=== WORK ORDER ===
Only one span of the listing below is wanted: the lines from the one with "The Skovby SM101" through the one with "Gonna lunga trasparente", reproduced exactly, both ends kept.

=== DATA FOR THIS EXERCISE ===
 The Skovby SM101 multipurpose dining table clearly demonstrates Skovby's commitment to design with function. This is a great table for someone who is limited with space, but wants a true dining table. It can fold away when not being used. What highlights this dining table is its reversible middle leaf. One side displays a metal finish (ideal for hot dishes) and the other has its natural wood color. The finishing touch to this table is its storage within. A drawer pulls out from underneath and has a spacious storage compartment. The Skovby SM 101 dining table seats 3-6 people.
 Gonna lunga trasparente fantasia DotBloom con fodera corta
==
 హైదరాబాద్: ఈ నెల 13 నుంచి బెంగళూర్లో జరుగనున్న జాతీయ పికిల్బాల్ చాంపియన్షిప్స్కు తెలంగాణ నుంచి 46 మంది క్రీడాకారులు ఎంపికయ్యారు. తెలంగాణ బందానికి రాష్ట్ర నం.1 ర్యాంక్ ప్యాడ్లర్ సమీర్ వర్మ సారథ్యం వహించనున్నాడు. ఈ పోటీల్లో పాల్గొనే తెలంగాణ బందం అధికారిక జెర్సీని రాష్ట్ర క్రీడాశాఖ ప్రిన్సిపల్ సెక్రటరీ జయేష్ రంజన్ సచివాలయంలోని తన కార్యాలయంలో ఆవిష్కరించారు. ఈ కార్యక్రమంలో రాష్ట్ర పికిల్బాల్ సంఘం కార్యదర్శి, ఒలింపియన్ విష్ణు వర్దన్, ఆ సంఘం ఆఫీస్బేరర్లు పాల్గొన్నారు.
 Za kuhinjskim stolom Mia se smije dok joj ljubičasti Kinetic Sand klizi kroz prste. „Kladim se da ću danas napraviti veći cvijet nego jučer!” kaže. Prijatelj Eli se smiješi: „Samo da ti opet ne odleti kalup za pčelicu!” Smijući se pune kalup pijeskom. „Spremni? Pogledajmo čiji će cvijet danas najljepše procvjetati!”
---
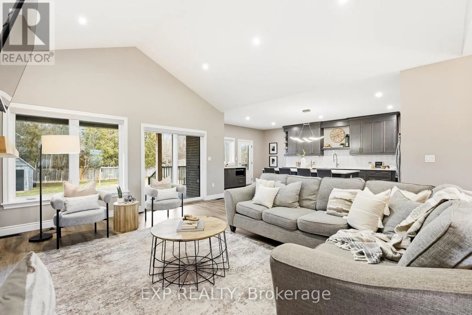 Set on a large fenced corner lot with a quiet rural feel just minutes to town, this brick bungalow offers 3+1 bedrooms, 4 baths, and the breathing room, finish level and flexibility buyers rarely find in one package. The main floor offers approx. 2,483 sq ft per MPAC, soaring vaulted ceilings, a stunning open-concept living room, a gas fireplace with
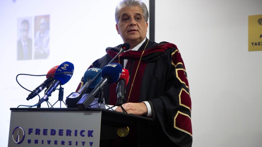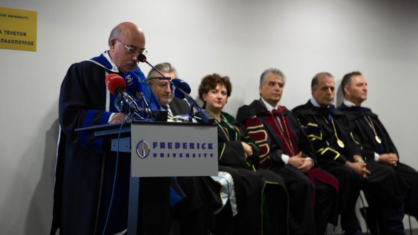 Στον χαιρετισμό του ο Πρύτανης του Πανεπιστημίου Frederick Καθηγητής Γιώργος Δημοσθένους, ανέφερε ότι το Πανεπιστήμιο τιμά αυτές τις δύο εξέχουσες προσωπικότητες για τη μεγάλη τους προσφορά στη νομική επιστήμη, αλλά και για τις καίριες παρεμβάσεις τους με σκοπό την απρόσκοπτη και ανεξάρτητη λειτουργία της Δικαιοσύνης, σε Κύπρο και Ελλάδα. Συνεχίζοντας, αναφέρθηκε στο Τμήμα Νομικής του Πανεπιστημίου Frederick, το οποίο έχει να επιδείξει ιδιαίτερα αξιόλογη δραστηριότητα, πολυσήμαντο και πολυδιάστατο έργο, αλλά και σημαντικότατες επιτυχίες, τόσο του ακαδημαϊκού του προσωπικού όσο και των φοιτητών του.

=== RESPONSE TO THE TASK ===
 The Skovby SM101 multipurpose dining table clearly demonstrates Skovby's commitment to design with function. This is a great table for someone who is limited with space, but wants a true dining table. It can fold away when not being used. What highlights this dining table is its reversible middle leaf. One side displays a metal finish (ideal for hot dishes) and the other has its natural wood color. The finishing touch to this table is its storage within. A drawer pulls out from underneath and has a spacious storage compartment. The Skovby SM 101 dining table seats 3-6 people.
 Gonna lunga trasparente fantasia DotBloom con fodera corta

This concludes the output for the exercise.